Down on the concrete floor, he pressed his feet against the wall and started on sit-ups, rapid and regular, enjoying the rush of blood and adrenalin that kicked in with the exercise. Bartie liked to look after himself. It kept the brain in tune as well as the body. And his rich clients liked a fit sweat to ride in, so it was a good career move, if sweating could really be considered a career. These little touches generally brought him a better class of client, in any case.

He was past 150 when he heard the door. He carried on until a man said, "Bartie Davits. You're wanted for interview."

"Interview?" he asked, pausing, twisting to see the uniformed man framed by the doorway. "Like for a job?"

The policeman just looked at him, waited for him to stand, stepped back to let him out into the corridor.

A short time later, Bartie was sitting in another room, elbows on a desk. There was a plain-clothes officer across the table from him, a uniformed man on the door.

"Bartholomew Brooklyn Davits," said the officer, "we have reason to suspect your involvement in the murder of Elector Jack Burnham in Jakarta on the twenty-third of this month. This interview is being recorded and your responses processed for veracity by smart systems from two independent vendors. Anything you do or say may be used as evidence in a court of law, and may also be used for commercial purposes. Do you understand?"

Bartie stared at the man. "I understand your words," he said slowly, "but fuck no, I don't understand."

The officer had a feed going into his ear. He received some kind of input, nodded, and his eyes met Bartie's again.

Then Bartie added, "Burnham? Elector Burnham? The virtual worlds guy? Dead?" At a brief nod, he continued, "I... I've been out of it a couple of days. I hadn't heard. I sweat rides, you know? I was sweating, warehoused in a databank somewhere while some rich fuck rode my bones, you know?"

Another pause, while the officer listened to his feed, then: "Elector Burnham was killed by a kid called Joey Bannerman."

"So... I don't understand?"

"Bannerman was gap-yearing round the world, ran out of cash, took to sweating to get by. He was ridden by the killer."

Bartie got it, then, he thought. "Not me, man... I didn't do nothing. I was warehoused, playing TrueSim strategy games in perfect isolation. Check out the records: I was pumped into a databank and kept clean and cut off from the world. They have to do it like that. Data integrity and all that: have to put back what they take out!" He laughed awkwardly.

"We don't think it was you, as such," says the officer.

Bartie relaxed, hadn't realised how much tension he'd been holding in. Then he registered the "as such" and he saw from the officer's expression that there was more, a layer yet to unpick. "And?"

"We've pattern-matched traits identified from the datafeed that injected the killer into Bannerman's skull. The killer was an amalgam, a construct. Whoever was behind the assassination took a few traits from here, a few from there, and built the killer suited for the job."

Bartie waited. There was more.

"It's a known technique. Developed by the Yakuza but it's been seen in a number of cases now. The way they do it is they have to have a solid foundation, a template, someone who could easily be a killer in the right circumstances, with the right traits added, remixed, recompiled. We've identified the template, Davits. We've tracked down that individual. It's you."

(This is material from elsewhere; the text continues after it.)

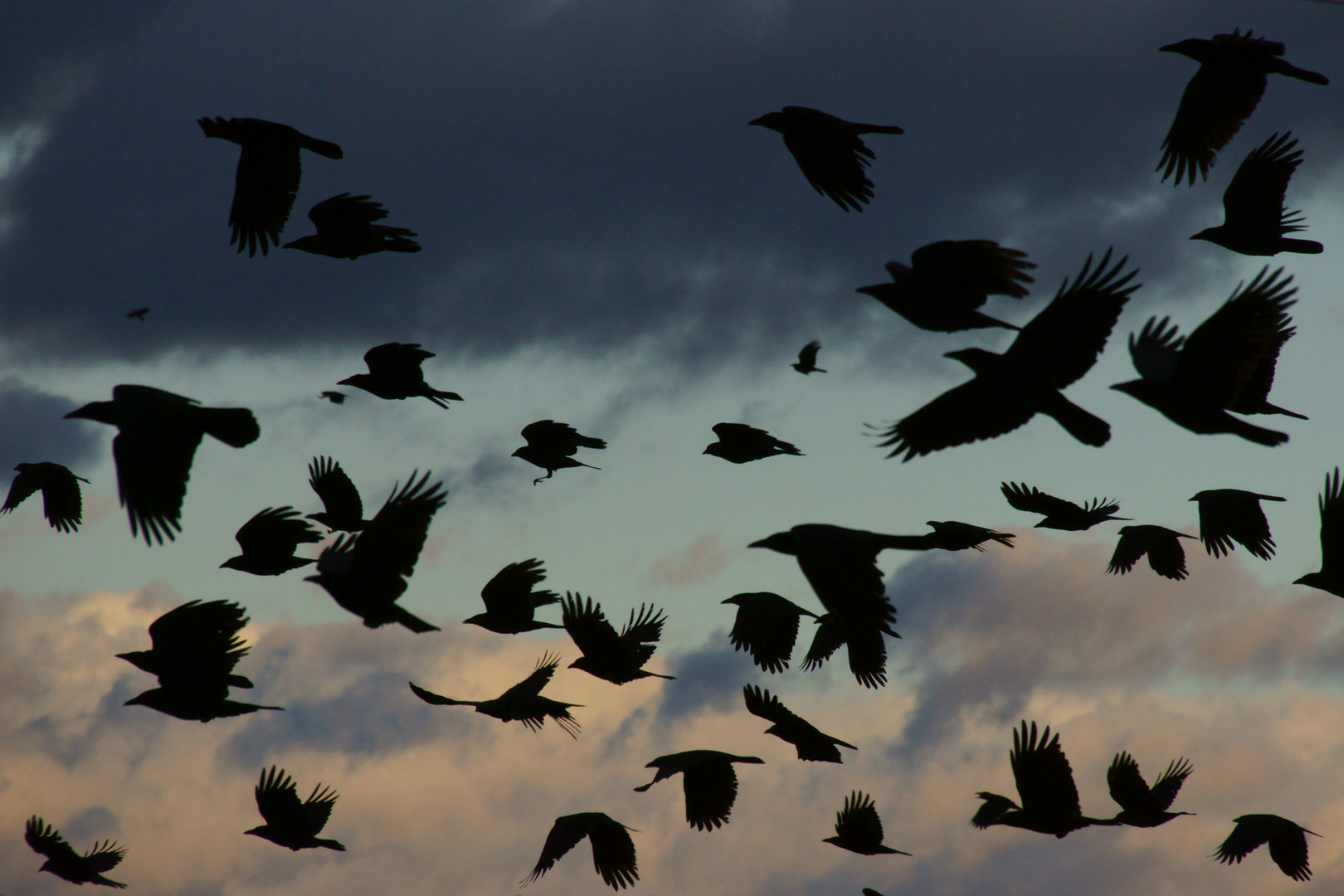 夕方になると何処からともなくカラスの大群がやってきて、東の方へと帰っていきます。
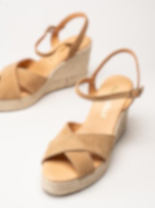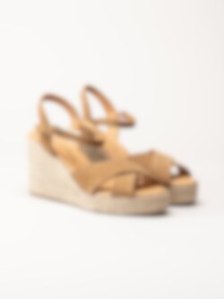 Alberville - Vendy Suede Elche - Ljusbruna kilklackade sandaletter i mocka

Bartie shook his head. "But it wasn't me!" he finally said. "I was warehoused, isolated... It wasn't me."

"Your profile was used," said the officer. "Edited, built upon. We're talking legal grey areas here. Our advice is that this could be the test case to beat all test cases. Could take years."

The officer was enjoying this, Bartie suddenly realised. "How do you mean?"

"It's all about legal culpability," the officer explained. "When due process proves that you were the template used in this crime, and when it is demonstrated that the killer was substantially you, then you will share legal culpability for the killing."

"But... I wasn't there."

"No, that's true. But there is evidence to show that a statistically significant instance of you was..."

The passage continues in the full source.